Financial Considerations Before Separation & Divorce


#1

Here is my conundrum.

I caught my wife in an affair with a married man (a previous boyfriend of hers). He is very wealthy, and she has filled her pretty little mind with delusions of a future relationship with this man. Personally, I think she’s gone off her rocker and don’t believe for a second that she has a future with this man. But, she’s at a point where there is no convincing her of this.

Here’s the deal. I only have VERBAL evidence, and no hard evidence of adultery. When it comes to legal proceedings, I’m sure that her lawyers will ask me to prove my case and I won’t be able to do so. OK - Fine, that’s life.

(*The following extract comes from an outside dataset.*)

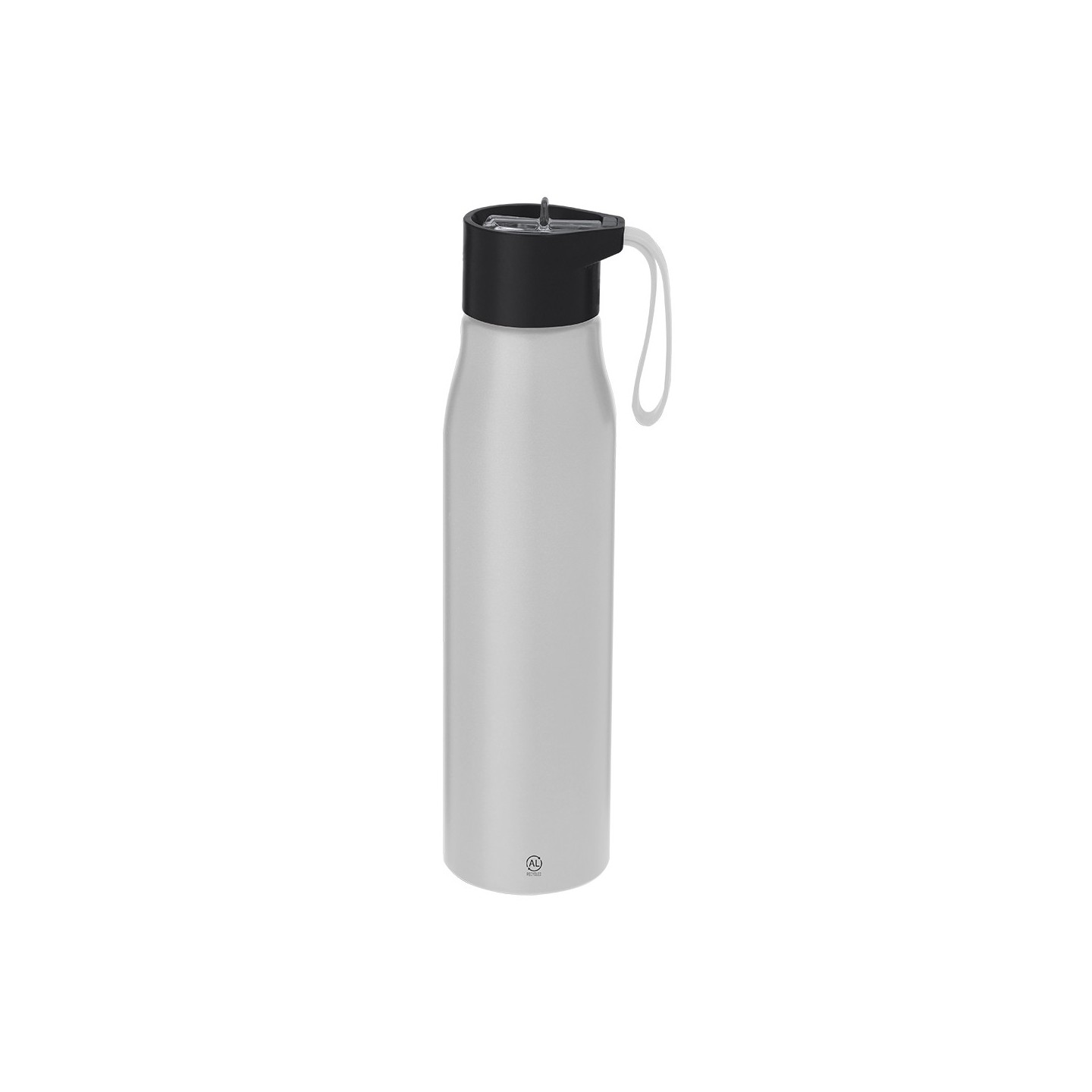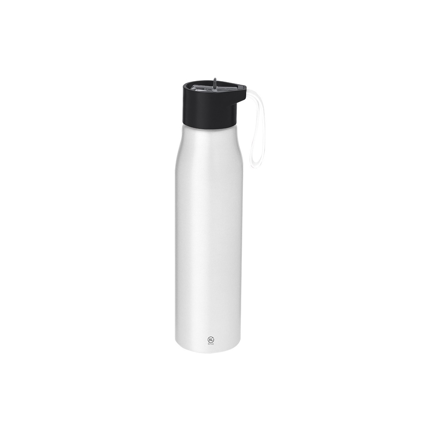 Bidón THORUP de 700 ml, aluminio reciclado, acabado mate. Fácil apertura, dosificador con pajita y correa de silicona. Personalizable con tu logotipo.

I don’t think the ball is going to get rolling for another few months. Here’s what I’d like to do. I have a decent sized retirement savings account that she is salivating over (she’s remarked about it a few times). I’d like to take a big piece of that retirement savings and cash it out. I’d send Uncle Sam his share, and the rest I’d use to pay off my student loans (originated prior to our marriage). I think I’m well within my rights to do what I choose when it comes to my own financial assets even within the confines of my (now unhappy) marriage. Am I correct? In no way would my doing this cause financial distress. In fact, it could reasonably be argued that removing this debt would improve our monthly cash flow.


#2

If you can withdraw money from the 401(k) without your wife’s permission, you are correct in that there is technically nothing stopping you. You should know that if you separate, a judge may attribute the amount withdrawn to you in equitable distribution thus giving you less of the 401(k). This may also make it impossible to settle the marital estate without litigation, which always increases the expense of separation.